Yeah, this pope has a history of saying blithering nonsense about science, so I’m glad to see student protests at the waste of university resources in bringing this bozo to campus (random homeless men in Philadelphia subway stations are available, are less expensive, will be far more appreciative of the honorarium, and will be just as cogent.)
I don’t think anyone is arguing that science is a criterion for “goodness”. Many of us are adamant that religion is not a criterion for “goodness,” either, and that science is at least a criterion for accuracy. This is not a moral debate, although one could say that there is moral value in having some respect for the truth … not that the Catholic church has any interest at all in that, favoring instead the perpetuation of institutionalized nonsense.
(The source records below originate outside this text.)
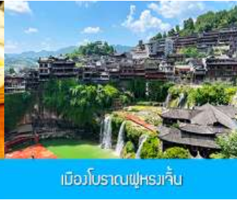
เมืองโบราณฝูหยงเจิน

วันที่สาม เมืองจางเจียเจีย-ศูนย์แพทย์แผนจีน-ศูนย์จำหน่ายผลิตภัณฑ์ไอบชา-ไกด์นำเสนอสวน OPTIONAL TOUR สะพานกระจกแกรนด์แคนยอน-เมืองโบราณฝูหยงเจินยามค่ำคืน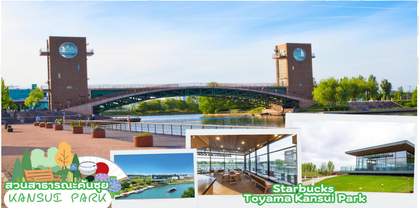
สวนสาธารณะคันซุย KANSHUI PARK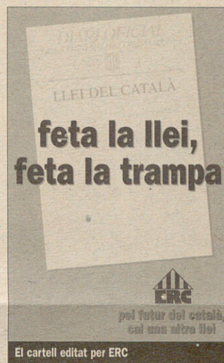
El cartell editat per ERC

ERC va treballar, tant dins de les reunions de la ponència com a les reunions bilaterals amb el govern de CiU i la resta de partits, per tal que la renovació legislativa treïés el català de la desigualtat jurídica amb el castellà i suposés un clar element de suport al seu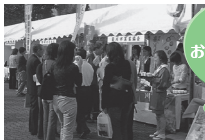
▲昨年の第60回全国お茶まつり (静岡県川根本町)

問い合わせ 大会事務局 (社)滋賀県茶業会議所 ☎ 63-6960 FAX 63-5204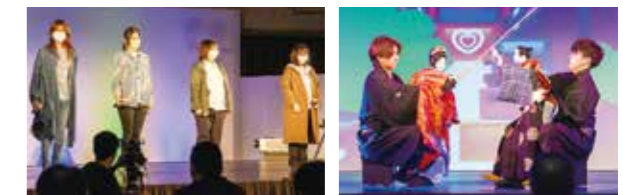
プロジェクション作品を制作した東京造形大学の学生

公演の間には、(公財)八王子市学園都市文化ふれあい財団が実施した「学生の「KOTEN」芸能～八王子車人形体験講座」より、東京工業高等専門学校が作曲したオリジナル曲に合わせた演目「釣り女」のスペシャルバージョンが披露され、背景も伝統的な松羽目から音楽に合わせて躍動するポップなものに変化していきました。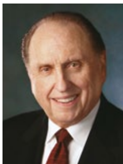
Președintele Thomas S. Monson

Vă declar mărturia mea de apostol că Tatăl și Fiul trăiesc. Spiritul revelației este real – și poate funcționa și funcționează în viețile fiecăruia dintre noi și în Biserica lui Isus Hristos a Sfinților din Zilele din Urmă. Mărturisesc despre aceste adevăruri, în numele sacru al lui Isus Hristos, amin. ■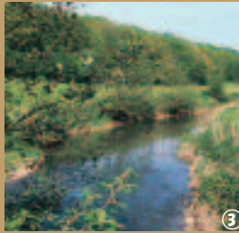
Vallée de la Hante, Coulsore.

Au cœur de l'Avesnois, entre pâturages et rivières, les chemins ondulent entre la France et la Belgique et laissent entrevoir un patrimoine bien caché. Les amateurs d'art seront peut-être surpris d'apprendre que certaines cheminiées du Château de Versailles furent réalisées dans les marbreries locales, Coulsore ayant longtemps

Scientific investigation should be accompanied by “research into anthropology, philosophy and theology” to give insight into “man’s own mystery, because no science can say who man is, where he comes from or where he is going”, the Pope said.
“Man is not the fruit of chance or a bundle of convergences, determinisms or physical and chemical reactions,” he told a meeting of academics of different disciplines sponsored by the Paris Academy of Sciences and Pontifical Academy of Sciences.
Leave theology off the list of disciplines that are useful in this endeavor.
Science does say who man is; it’s pretty damn specific about what we are, an odd sub-branch of the primate clade in the chordate family tree, and it is full of specifics on anatomy, physiology, behavior, culture, etc. It also explains with considerable detail where we came from — that long lineage of 4 billion years of evolution — and also gives mechanisms. On where we’re going … well, he does have us there. Science isn’t soothsaying. Of course, theology doesn’t help there, either. Theology makes claims about where we’re going, but it’s always wrong and it always seems to be just pulling predictions out of its great hairy abstraction of a butt.
As for that last comment … show me what else Man is. I love how these faith-imbued gomers always belittle “mere” physical and chemical reactions, when there is nothing more grand and majestic than the natural processes that drive our universe. Yes, life is a great big elaborate chemical reaction — isn’t that wonderful? Why act as if this is a shameful possibility? Personally, I’ve long found the petty deified tyrant of the Christian religion to be an unsatisfyingly trivial explanation, with van der Waals forces alone being far more potent and glorious.
I won’t suggest that this silly old man ought to be consigned to a life of cadging handouts from commuters in Suburban Station in Philadelphia, but I really think he deserves to be shuffled off to a nice retirement home. He can still have fancy gold stitchwork done on his slippers and bathrobe, but really … his authority should be nonexistent.